DIRECTIONS FOR THIS TASK. Transcribe the records below in full; pictures stay out of the copy.

[Records contained in a dataset]
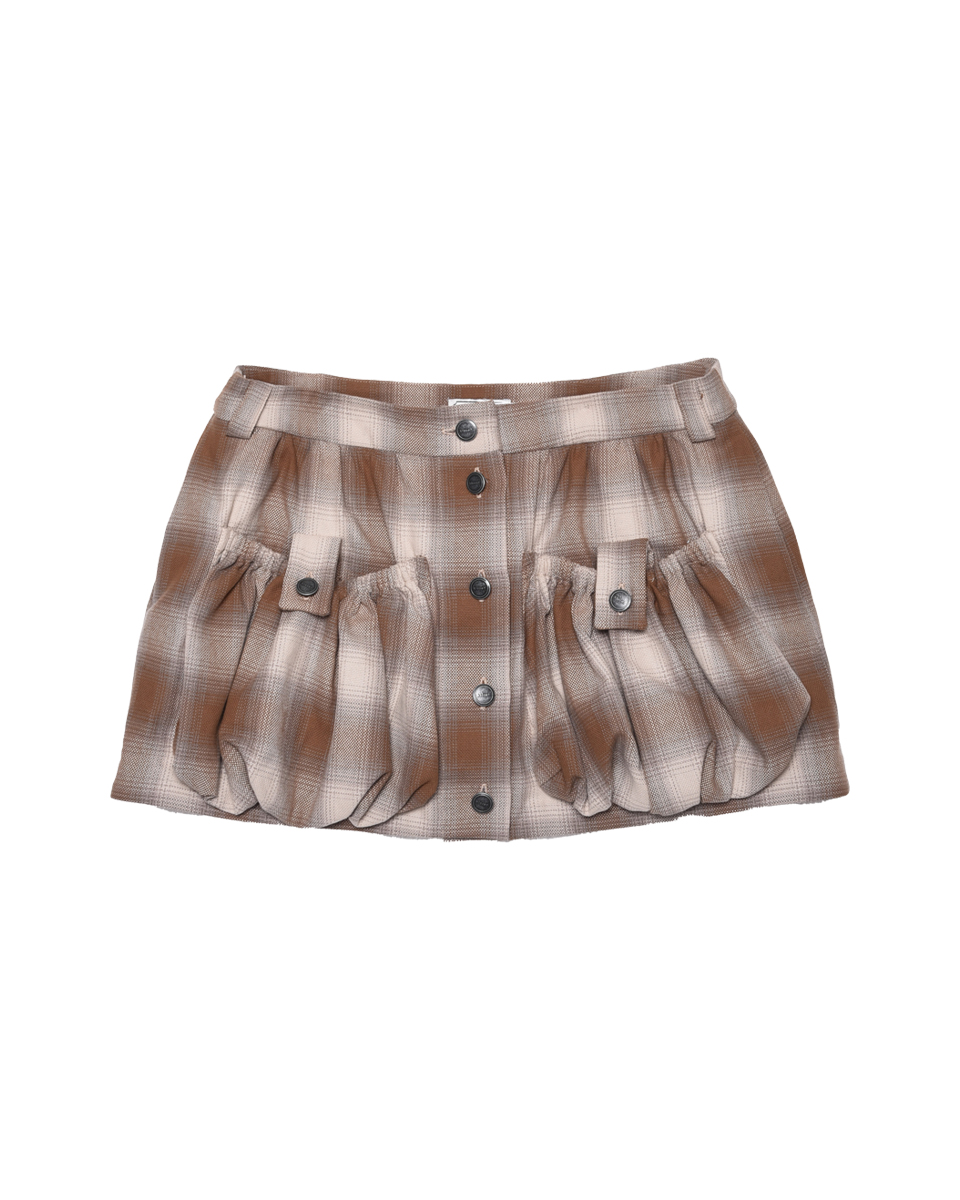 Plaid Bubble Mini Skirt in Brown
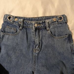 High-waisted, straight-leg, blue denim jeans with a relaxed fit. Nice soft denim with snaps to adjust the waist. Excellent condition. Tag is marked small, Waistline is 26 inches. #indiejeans #momjeans #bluejeans #y2k
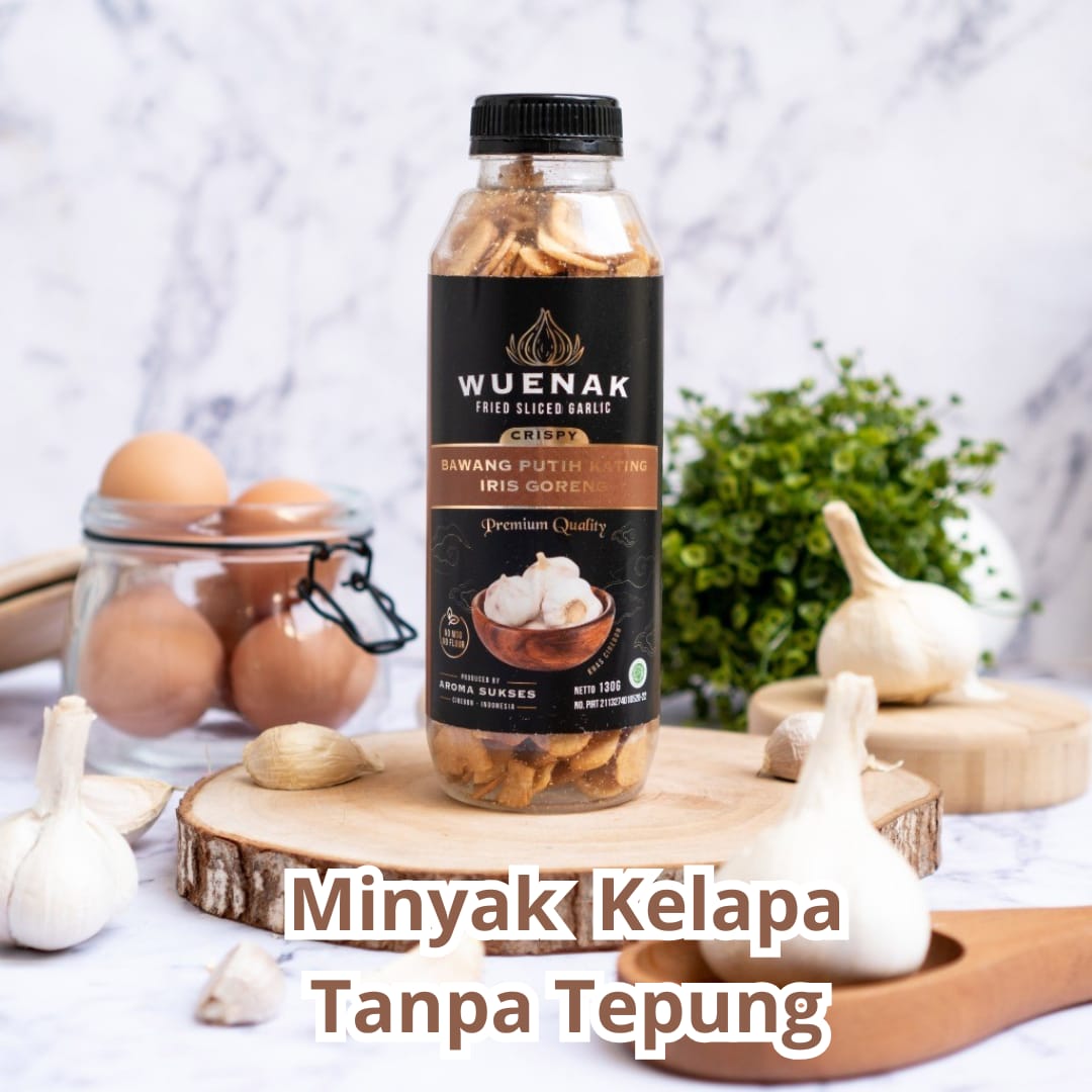 Dimulai pada tahun 2017, selama ini kami selalu berusaha menjaga kualitas produk kami sehingga hampir seluruh pelanggan kami suka dengan Bawang Goreng WUENAK. Produk telah dijual di 20 an modern retail market, sudah diekspor ke Australia, Taiwan, Macau, USA, SIngapore, Hong Kong dan dipakai di restoran Indonesia di Sydney dan digunakan sebagai condiment di Black Garlic Arirang Noodle dari Gaga Food. Kami menggunakan minyak kelapa yang lebih sehat, tidak pakai tepung, dan menggunakan teknik penirisan khusus sehingga menghasilkan bawang goreng yang sangat kering dan renyah. Bahan baku menggunakan Bawang Putih Kating yang lebih kuat aroma dan rasanya serta Bawang Sumenep dari wilayah sekitar Cirebon yang menghasilkan bawang goreng premium.
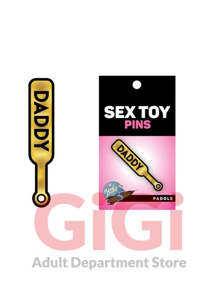 This fun soft enamel lapel pin by Wood Rocket is the perfect accessory. Wear your sex product pride! This paddle Sex Toy Pin is gold with black text and looks just like a fetish BDSM paddle that says Daddy but it's tiny! Stick it on your hat or clothes or backpack or bag or purse it or give it as a gift! Please don't stick it on your butt. It is sharp!
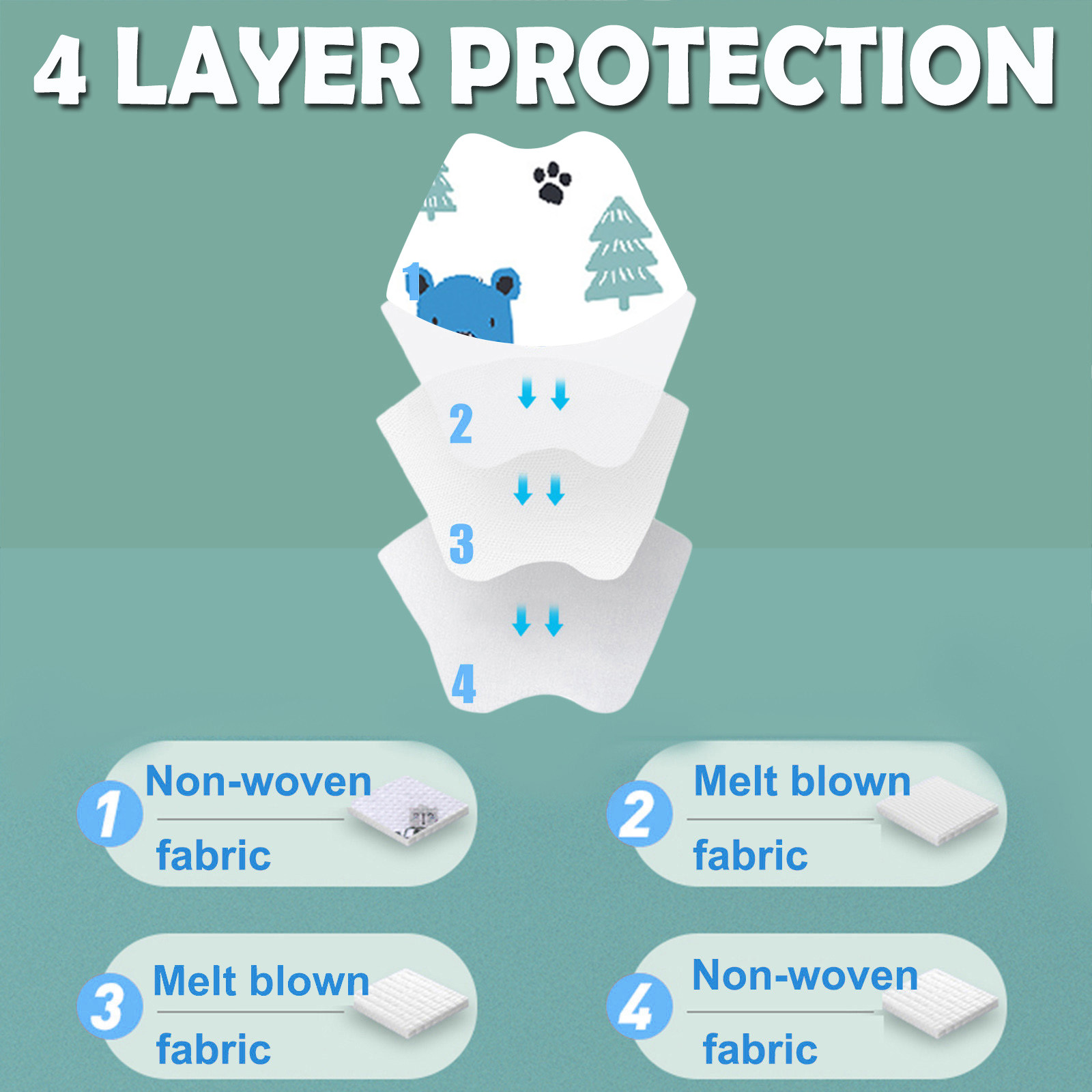 Детская одноразовая маска для лица, 4 слойные маски для ушей

WRITTEN REPLY.
 Plaid Bubble Mini Skirt in Brown
 High-waisted, straight-leg, blue denim jeans with a relaxed fit. Nice soft denim with snaps to adjust the waist. Excellent condition. Tag is marked small, Waistline is 26 inches. #indiejeans #momjeans #bluejeans #y2k
 Dimulai pada tahun 2017, selama ini kami selalu berusaha menjaga kualitas produk kami sehingga hampir seluruh pelanggan kami suka dengan Bawang Goreng WUENAK. Produk telah dijual di 20 an modern retail market, sudah diekspor ke Australia, Taiwan, Macau, USA, SIngapore, Hong Kong dan dipakai di restoran Indonesia di Sydney dan digunakan sebagai condiment di Black Garlic Arirang Noodle dari Gaga Food. Kami menggunakan minyak kelapa yang lebih sehat, tidak pakai tepung, dan menggunakan teknik penirisan khusus sehingga menghasilkan bawang goreng yang sangat kering dan renyah. Bahan baku menggunakan Bawang Putih Kating yang lebih kuat aroma dan rasanya serta Bawang Sumenep dari wilayah sekitar Cirebon yang menghasilkan bawang goreng premium.
 This fun soft enamel lapel pin by Wood Rocket is the perfect accessory. Wear your sex product pride! This paddle Sex Toy Pin is gold with black text and looks just like a fetish BDSM paddle that says Daddy but it's tiny! Stick it on your hat or clothes or backpack or bag or purse it or give it as a gift! Please don't stick it on your butt. It is sharp!
 Детская одноразовая маска для лица, 4 слойные маски для ушей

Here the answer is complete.